FFC
Foods with Function Claims (機能性表示食品) · foods with function claims · kinosei hyoji shokuhin · 機能性表示食品
Japan's CAA-notified food-with-function-claim regime — self-substantiated function claims without pre-market approval, distinct from FOSHU and Foods with Nutrient Function Claims.
Foods with Function Claims (機能性表示食品, kinosei hyoji shokuhin — FFC) is the Japanese functional-food category introduced in April 2015 by the Consumer Affairs Agency (CAA) under the Food Labeling Act. Unlike Foods for Specified Health Use (FOSHU / Tokuho — 特定保健用食品), FFC requires no pre-market government review of efficacy. The operator (manufacturer or seller) self-substantiates the function claim with a published systematic review or its own clinical trial, files a pre-marketing notification with the CAA at least 60 days before sale, and the notification is published on the CAA database.
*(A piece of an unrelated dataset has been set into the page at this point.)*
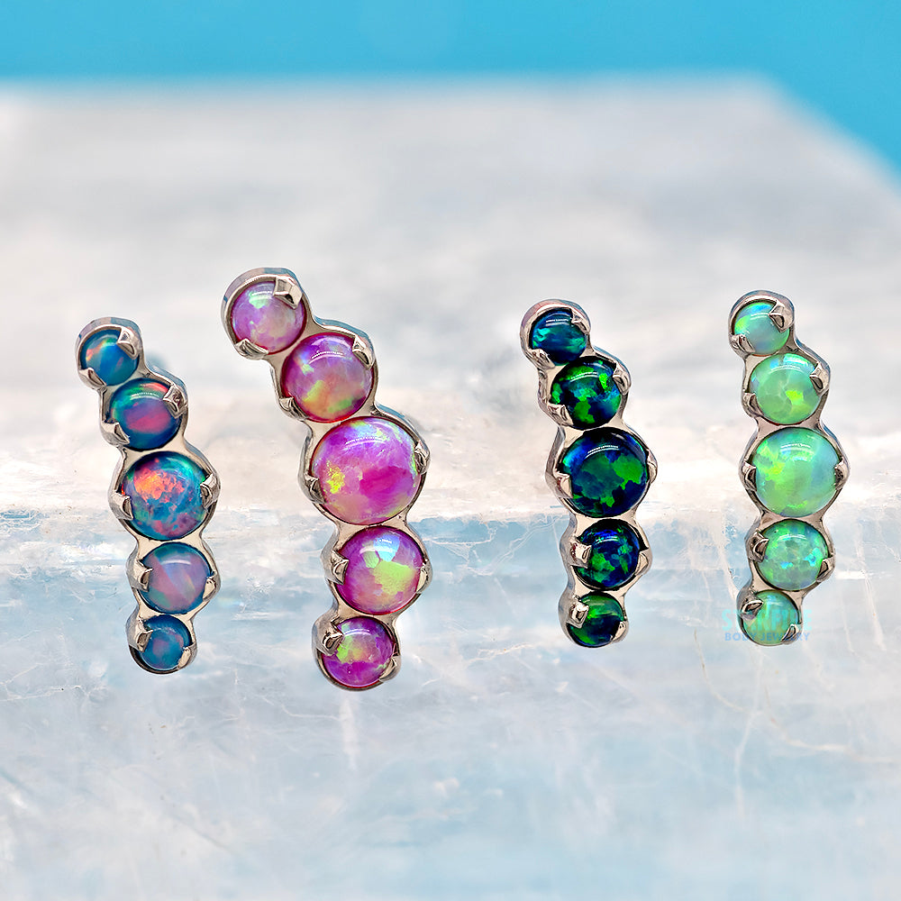 • Mini threaded end length from top of cluster to bottom is 9.5mm. Opal sizes from top to bottom:

The CAA can challenge the substantiation post-market.
FFC sits inside a three-track Japanese functional food framework. (1) FOSHU / Tokuho — pre-market government efficacy review, the most rigorous and now the slowest-growing track. (2) Foods with Nutrient Function Claims (栄養機能食品, eiyou kinosei shokuhin) — claims from a CAA-published list of 20 vitamins and 5 minerals, no notification needed but only allowed claims permitted. (3) FFC — self-substantiated claims with notification but no review, by far the fastest-growing track since 2015 and the route most international supplement brands take to enter the Japanese functional channel. FFC has been extended beyond processed foods to fresh foods and supplement-format products.
The 2024 red yeast rice (紅麹) incident prompted the CAA to tighten post-market surveillance and GMP expectations on FFC; the pre-market mechanics did not change, but the bar on adverse event reporting and on the quality system behind the notification rose, particularly for supplement-format FFC. In V5 the FFC notification ID, the systematic review or clinical trial substantiation, the GMP attestation, and the Japanese-language label with mandatory disclaimers all live on the SKU's Japan regulatory record, so a CAA post-market query or an adverse event report has its substantiation and batch context on one page.